__MATERIAL SUPPLIED__:
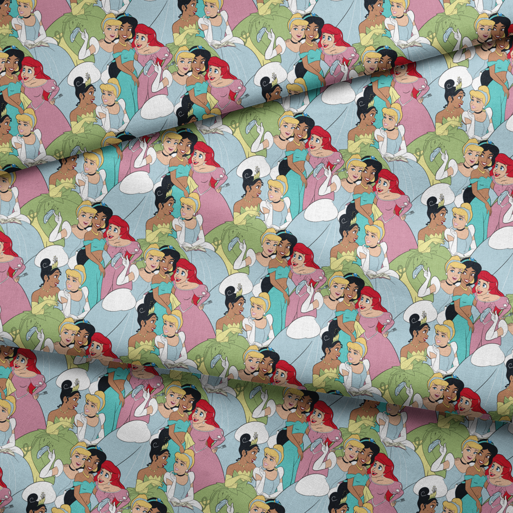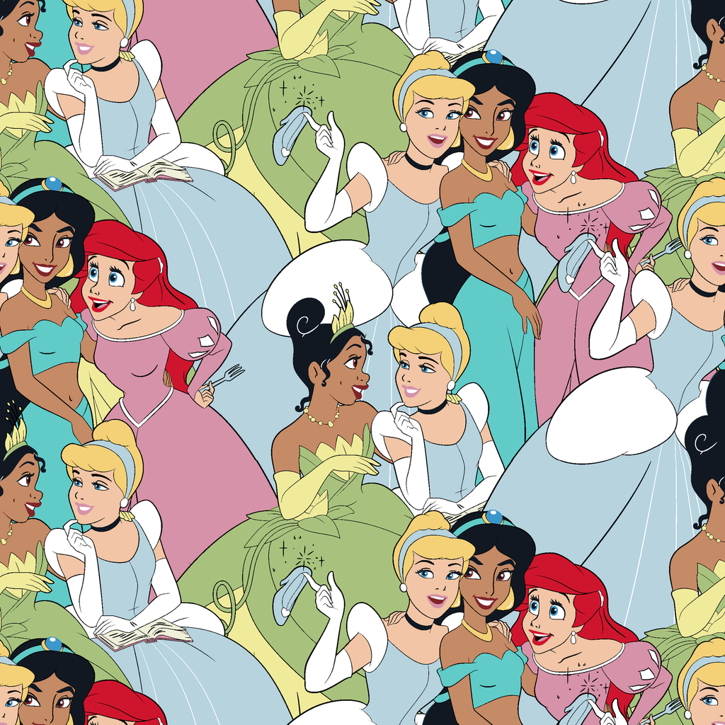 This colorful pattern features animated Disney Princesses - Cinderella, Jasmine, Ariel and Tiana in elegant ballgowns and suits with a tropical twist, perfect for fans of classic animated fairy tale movies and princess-themed decor.
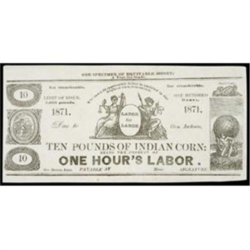 "One Specimen of Equitable Money: A Text for Study," "Gen. Jackson," Political Note, Choice Crisp About Uncirculated. A very unusual, dated 1871 this Political note is an attack on labor policies in the early 1870s. At the center is a large vignette of a seated Justice and Athena flanking "Labor for Labor." Below, the slogan "Ten Pounds of Indian Corn being the product of One Hour's Labor." At the right is Atlas and at the left is a vignette copied off a Louisiana state bill. Printed on a translucent paper. The wide margin at the top has the title, most likely meant to be trimmed away. In the upper right corner the tiny vignette of a pocket watch and the legend "Time is Wealth". The first of this historic note we have offered in our auctions. Very rare.
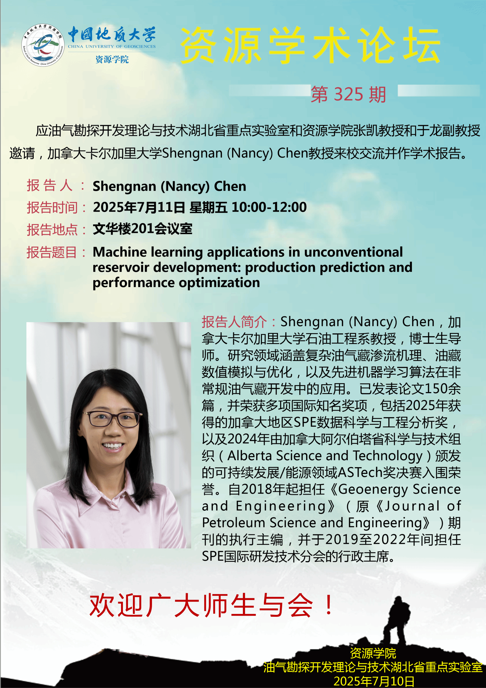 【7月11日】第325期资源学术论坛:Shengnan (Nancy) Chen学术报告
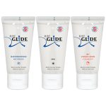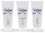 3 Just Glide lubricants in one economy pack. The water-based lubricant is 100% vegan and is also suitable for sensitive skin. Non-greasy and free from oil. Washable. Safe to use with latex condoms.
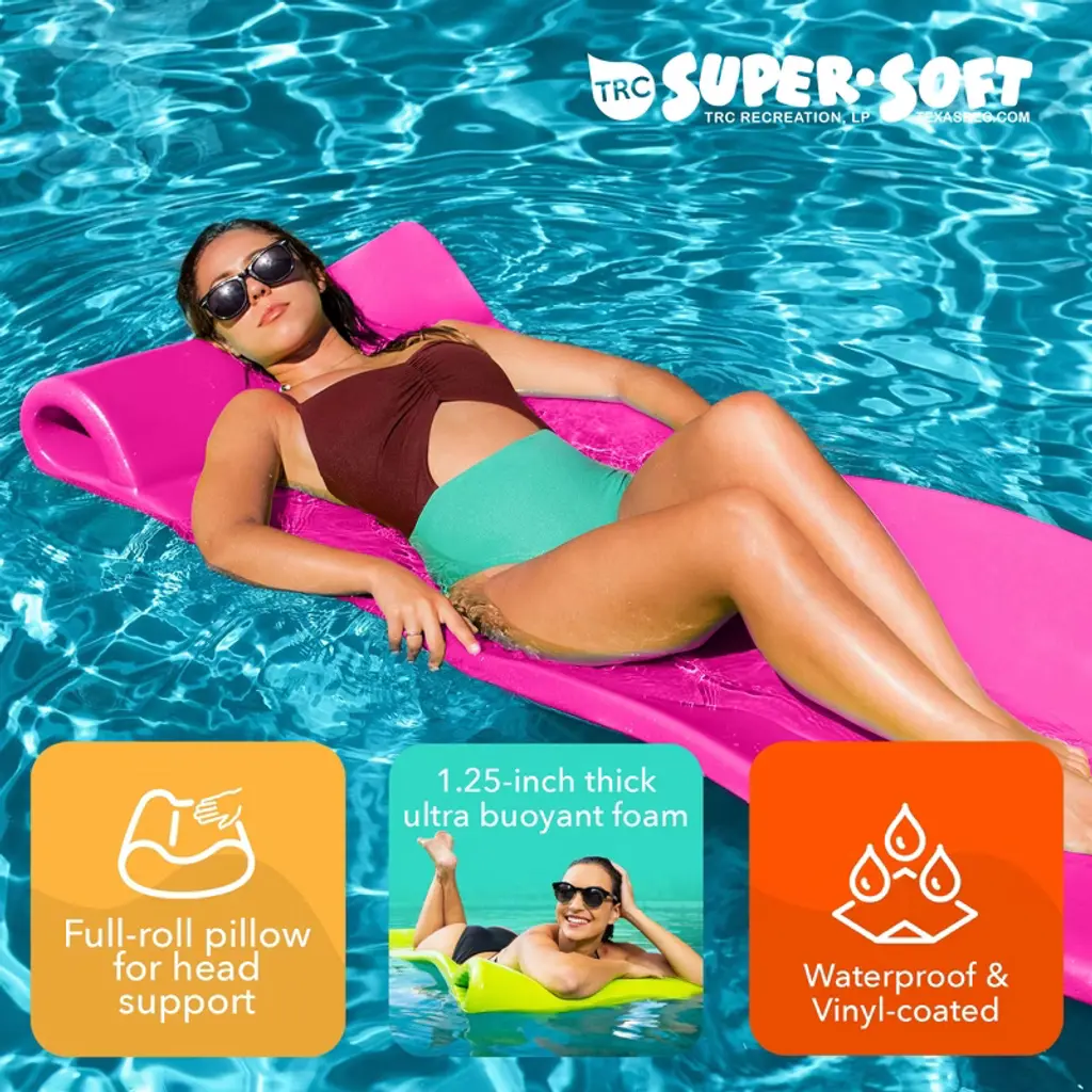 Relax on the lake or in your backyard pool without worrying about air pumps and inflation. Enjoy the sun and water fully with the TRC Recreation Splash Lounger Pool Raft. Made with exceptional durability in mind, this travel pool float features a 1.25-inch-thick buoyant foam and a waterproof vinyl coating to withstand frequent use. Pool rafts for adults feature a spacious design that accommodates a full-sized adult with ease, and the built-in roll pillow of the swim float adds an extra layer of comfort, cradling your head and neck while providing additional buoyancy to keep you afloat. Additionally, the smooth finish lends a sleek look to the pool float, enhancing the overall appeal of any setting. To maintain the pool floatie, you can simply wipe down the smooth vinyl surface with a damp cloth as needed to keep it looking pristine. Spend less time cleaning and more time enjoying your outdoor activities with this easy-to-maintain giant pool float. Whether you're lounging solo or spending time with friends, this pool float adult mat promises an unparalleled relaxation experience on the water. Enjoy your leisure time with a floating lounger that is an excellent addition to your pool accessories, and make every moment in the sun unforgettable. When looking for floaties for adults, choose comfort, durability, and style no matter the adventure. Choose the TRC Recreation Splash Adult Pool Float Lounger.

__WHAT THE TASK REQUIRES__:
Word for word, print all of the data; skip the pictures.

__RESULT OF THIS EXERCISE__:
 This colorful pattern features animated Disney Princesses - Cinderella, Jasmine, Ariel and Tiana in elegant ballgowns and suits with a tropical twist, perfect for fans of classic animated fairy tale movies and princess-themed decor.
 "One Specimen of Equitable Money: A Text for Study," "Gen. Jackson," Political Note, Choice Crisp About Uncirculated. A very unusual, dated 1871 this Political note is an attack on labor policies in the early 1870s. At the center is a large vignette of a seated Justice and Athena flanking "Labor for Labor." Below, the slogan "Ten Pounds of Indian Corn being the product of One Hour's Labor." At the right is Atlas and at the left is a vignette copied off a Louisiana state bill. Printed on a translucent paper. The wide margin at the top has the title, most likely meant to be trimmed away. In the upper right corner the tiny vignette of a pocket watch and the legend "Time is Wealth". The first of this historic note we have offered in our auctions. Very rare.
 【7月11日】第325期资源学术论坛:Shengnan (Nancy) Chen学术报告
 3 Just Glide lubricants in one economy pack. The water-based lubricant is 100% vegan and is also suitable for sensitive skin. Non-greasy and free from oil. Washable. Safe to use with latex condoms.
 Relax on the lake or in your backyard pool without worrying about air pumps and inflation. Enjoy the sun and water fully with the TRC Recreation Splash Lounger Pool Raft. Made with exceptional durability in mind, this travel pool float features a 1.25-inch-thick buoyant foam and a waterproof vinyl coating to withstand frequent use. Pool rafts for adults feature a spacious design that accommodates a full-sized adult with ease, and the built-in roll pillow of the swim float adds an extra layer of comfort, cradling your head and neck while providing additional buoyancy to keep you afloat. Additionally, the smooth finish lends a sleek look to the pool float, enhancing the overall appeal of any setting. To maintain the pool floatie, you can simply wipe down the smooth vinyl surface with a damp cloth as needed to keep it looking pristine. Spend less time cleaning and more time enjoying your outdoor activities with this easy-to-maintain giant pool float. Whether you're lounging solo or spending time with friends, this pool float adult mat promises an unparalleled relaxation experience on the water. Enjoy your leisure time with a floating lounger that is an excellent addition to your pool accessories, and make every moment in the sun unforgettable. When looking for floaties for adults, choose comfort, durability, and style no matter the adventure. Choose the TRC Recreation Splash Adult Pool Float Lounger.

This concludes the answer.